Los curas dejaron la coronilla; veíamos a aquellos compañeros celebrar la Eucaristía sin ornamentos
(Josemari Lorenzo Amelibia).- Mi vida va siendo ya larga. Me han tocado tiempos duros: de hambre, temor y terror. Mi generación fue «sometida» durante la infancia y juventud por padres y superiores. Los maestros y educadores así se denominaban, «superiores». Los niños nos confesábamos todas las semanas. Eso sí, comulgábamos a diario. Habían pasado los inicios del siglo XX en los que era necesario el permiso del confesor para poder recibir a Jesús en cada jornada.

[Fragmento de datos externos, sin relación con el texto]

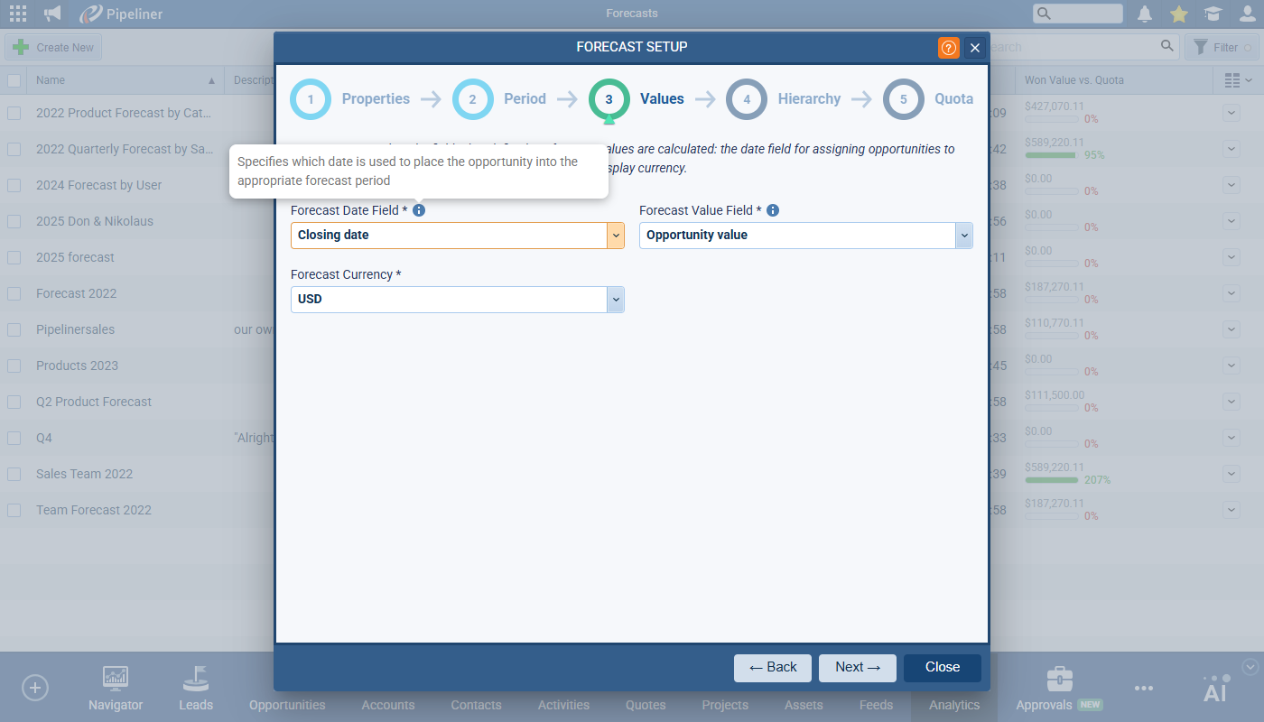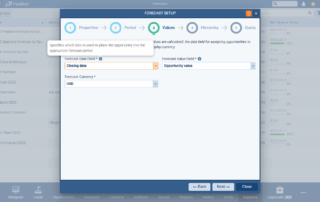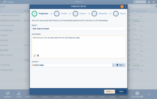 This release includes significant improvements to the ForecastingForecasting Forecasting is a prediction or calculation of a trend or event likely to occur in the future based on qualitative, quantitative and historical data as well as emergent but relevant factors. tool. The primary changes include a new multi-step wizard for forecast creation with descriptive text to better explain what happens in each step, an overhaul of QuotaQuota Quota is a predefined benchmark indicating the amount of sales a selling unit such as a sales rep or a regional sales team should achieve within a given period, often used as a measure of success, performance and eligibility for commissions and other rewards. management with “Simple” and “Custom” modes, and a enhancements to the Forecast Detail view. The goal is to streamline the setup process, provide more flexible quota handling, and improve the overall usability and clarity of the forecasting tool.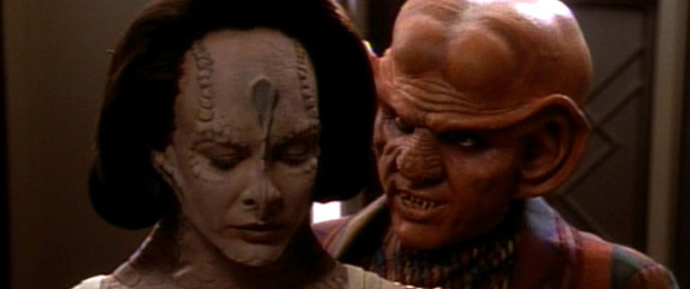 Trivial Note – An earthquake hit Southern California during the filming of this episode, and many of the actors went home while still in full makeup to check on family members. This had to really screw with at least one person’s head. Also, Mary Crosby, who plays Quark’s Cardassian love interest, is the daughter of Bing Crosby and the aunt of Denise Crosby, who played Tasha Yar on The Next Generation.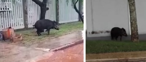 Olha quem apareceu neste sábado, na rua dos Álamos, no jardim Araucária. Um porco do mato. Aparentemente estava com uma pata machucada.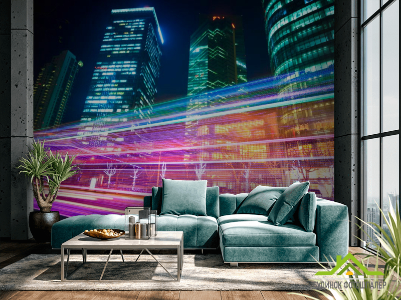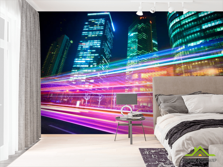 Фотообои Цветомузыка ночного города Фотообои Цветомузыка ночного города
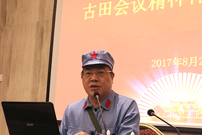 古田会议是党领导下的军队建设史上的重要里程碑,古田会议所确定的从思想上建党和从政治上建军的原则,为后来的农村包围城市、武装夺取政权道路思想的形成、发展和成功实践奠定了基础,为中国共产党领导下的人民军队的建设指明了方向,鲜明体现了党的初心。在中国人民解放军建军90周年之际,学校党委安排到古田进行党性教育专题培训,就是希望大家到这里找寻共产党的初心,更加坚定中国特色社会主义的道路自信、理论自信、制度自信和文化自信,以更加坚定的信念和昂扬的斗志投入学校"双转"工作中去。胡思虎要求参训干部要树立学员意识,遵守纪律,认真学习,积极思考,用心体悟,取得实实在在的学习培训成效并形成强大的政治思想工作合力,推动学校转型转设工程。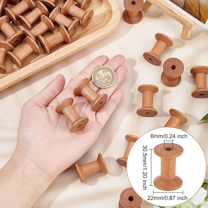 50個 木製ボビン ボビンスプール 直径約22mm 縫製ボビン 空スプール 刺繍用 ミシン用 織りボビン 巻き取り用 糸スプール DIY 手作り
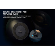 Interruptor de ganancia: activa el modo de alta ganancia cuando se conecta a puertos de 10 W, logrando un volumen superior y sonido amplificado.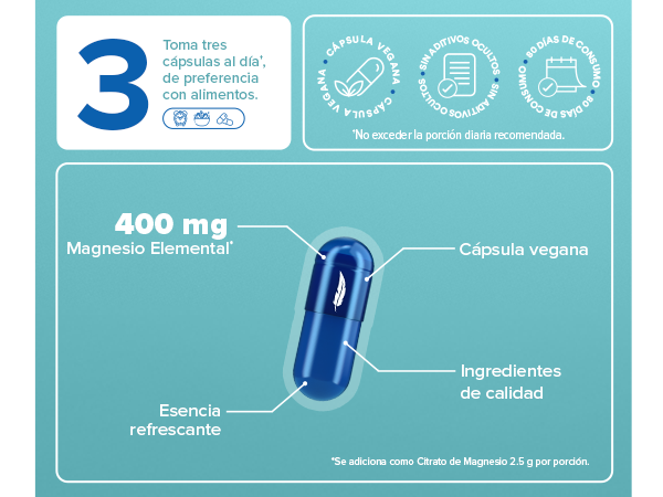 Cada cápsula contiene Citrato de Magnesio en polvo, cuidadosamente elaborado para ayudar a promover la absorción de calcio. Su esencia refrescante y practicidad lo hace ideal para quienes buscan un suplemento práctico y agradable al consumo.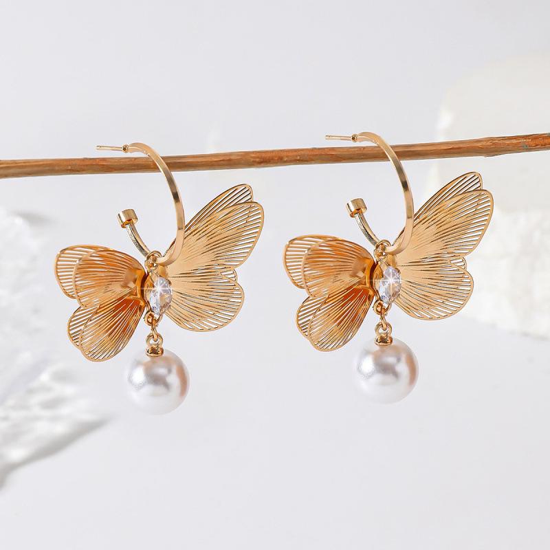 Elegant Gold Butterfly Pearl Earrings - High-End, Trendy & Versatile Fashion Accessory
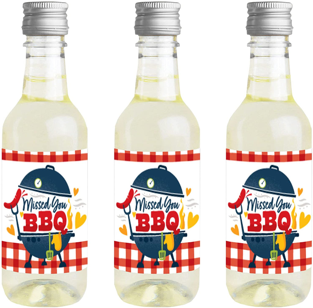 Missed You BBQ - Mini Wine and Champagne Bottle Label Stickers - Backyard Summer Picnic Party Favor Gift for Women and Men - Set of 16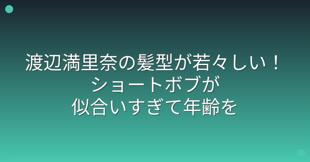 渡辺満里奈の髪型が若々しい!ショートボブが似合いすぎて年齢を感じさせない秘密とは?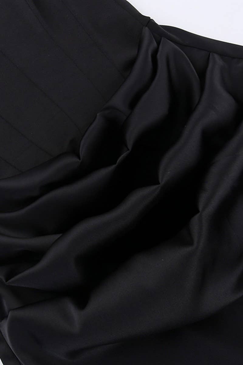 SOLID COLOR TUBE TOP PLEATED PATCHWORK DRESS

Todavía respirábamos aires jansenistas: en cualquier circunstancia brotaban los escrúpulos de conciencia en las mentes infantiles, juveniles y de adultos. No era la culpa siempre de la teología moral, sino de padres y educadores que metían el miedo en el cuerpo amenazando a los inocentes niños con las penas eternas del infierno. – «Si eres desobediente, te vas a condenar», oíamos con frecuencia a formadores. O aquella otra frase muy frecuente en los Ejercicios Espirituales: «Quien pierde la vocación lo más fácil es que se condene». Y daban por supuesto que a los catorce años los estudiantes de Seminarios y Colegios Apostólicos, podían perder ese gran tesoro de la vocación.
Así fuimos educados. Nuestros estudios eclesiásticos no eran tan duros, pero la Moral casuística era terrible. Recuerdo que contábamos hasta diez pecados mortales que se podían cometer celebrando la Santa Misa. Uno de ellos, por dejar de echar la gota de agua en el cáliz, si la omitías conscientemente. Creo que a ningún cura ni entonces ni ahora se le ocurrirá dejar este signo que el mismo Jesús hizo, pero ¿quién lo mira hoy con la lupa del pecado? Y no digamos nada de los pecados mortales por desobediencias al Derecho Canónico… Dejar una de las ocho «horas» – por ejemplo tercia, de cuatro minutos de duración – era pecado mortal: al infierno, si no te confesabas. Y si ibas omitiendo una a una cada una de las ocho «horas canónicas», OCHO PECADOS MORTALES. Así, así lo estudiábamos.